What needs to be done: Include in the reply only the lines from the start of the data below through the line containing "W1 H W Dinâmica", reproduced exactly and with no pictures.

[Opening Data under study section]

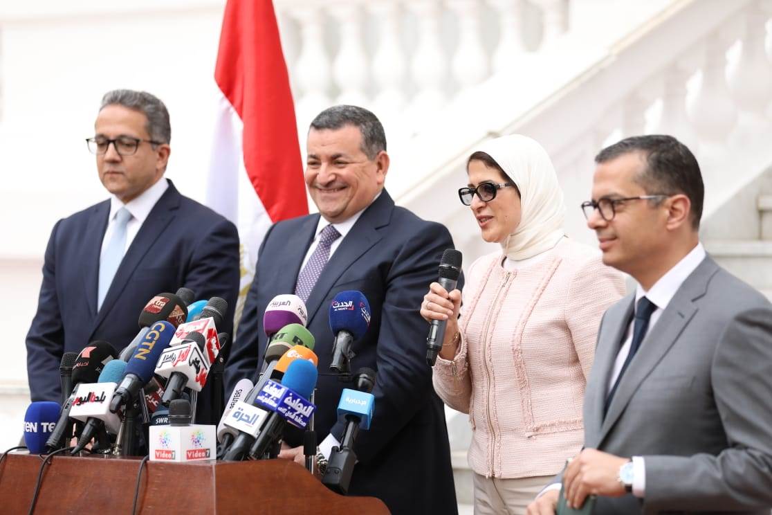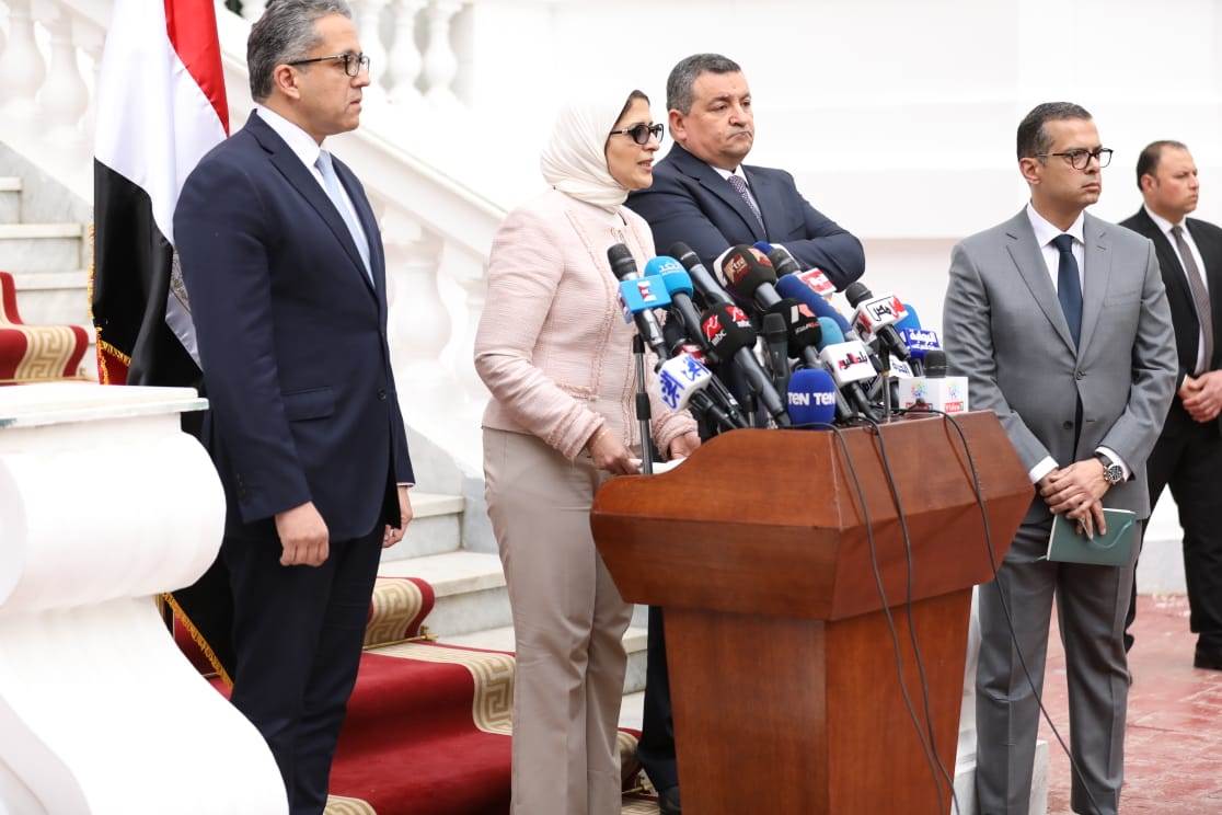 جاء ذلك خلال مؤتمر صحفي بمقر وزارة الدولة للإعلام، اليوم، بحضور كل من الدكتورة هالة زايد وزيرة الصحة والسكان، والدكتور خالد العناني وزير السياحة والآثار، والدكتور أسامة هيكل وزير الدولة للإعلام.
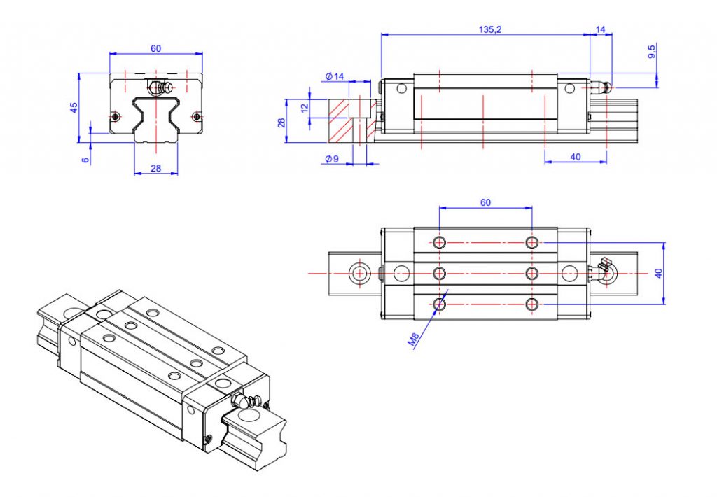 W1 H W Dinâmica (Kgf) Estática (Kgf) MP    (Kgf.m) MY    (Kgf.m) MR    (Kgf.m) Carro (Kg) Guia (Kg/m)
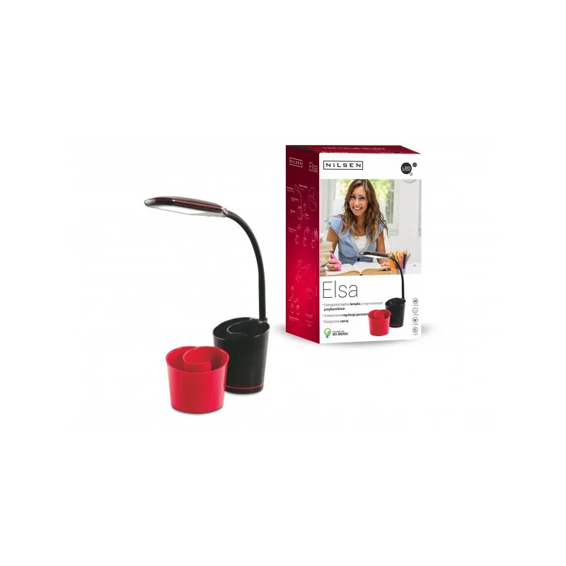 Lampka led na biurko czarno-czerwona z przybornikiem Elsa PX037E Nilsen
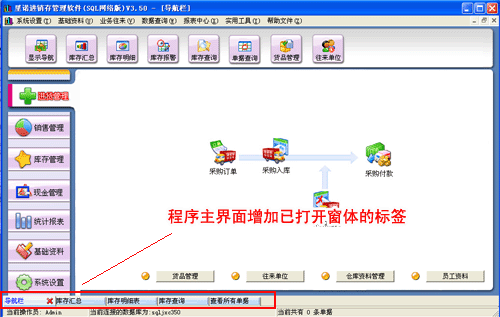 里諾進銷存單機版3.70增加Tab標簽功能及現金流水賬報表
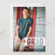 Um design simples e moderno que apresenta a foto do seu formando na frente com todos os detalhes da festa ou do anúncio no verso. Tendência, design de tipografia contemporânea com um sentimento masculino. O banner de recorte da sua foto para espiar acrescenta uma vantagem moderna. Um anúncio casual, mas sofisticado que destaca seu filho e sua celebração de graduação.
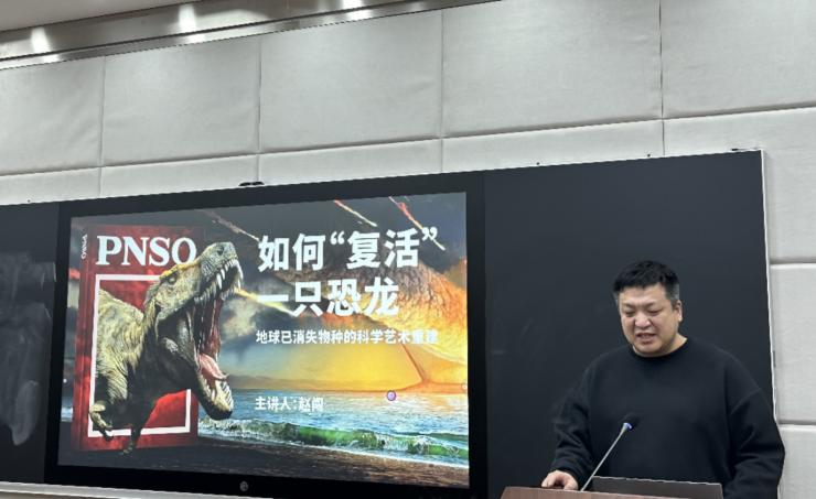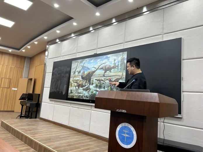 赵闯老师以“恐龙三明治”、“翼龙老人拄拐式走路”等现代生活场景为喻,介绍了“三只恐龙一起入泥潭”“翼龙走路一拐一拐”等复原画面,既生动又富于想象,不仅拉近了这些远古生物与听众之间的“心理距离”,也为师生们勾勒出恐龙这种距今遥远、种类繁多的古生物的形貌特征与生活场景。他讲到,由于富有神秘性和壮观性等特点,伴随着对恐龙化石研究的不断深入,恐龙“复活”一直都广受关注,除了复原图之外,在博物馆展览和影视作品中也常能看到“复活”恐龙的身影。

[Closing Data under study section]

Task output:
 جاء ذلك خلال مؤتمر صحفي بمقر وزارة الدولة للإعلام، اليوم، بحضور كل من الدكتورة هالة زايد وزيرة الصحة والسكان، والدكتور خالد العناني وزير السياحة والآثار، والدكتور أسامة هيكل وزير الدولة للإعلام.
 W1 H W Dinâmica (Kgf) Estática (Kgf) MP    (Kgf.m) MY    (Kgf.m) MR    (Kgf.m) Carro (Kg) Guia (Kg/m)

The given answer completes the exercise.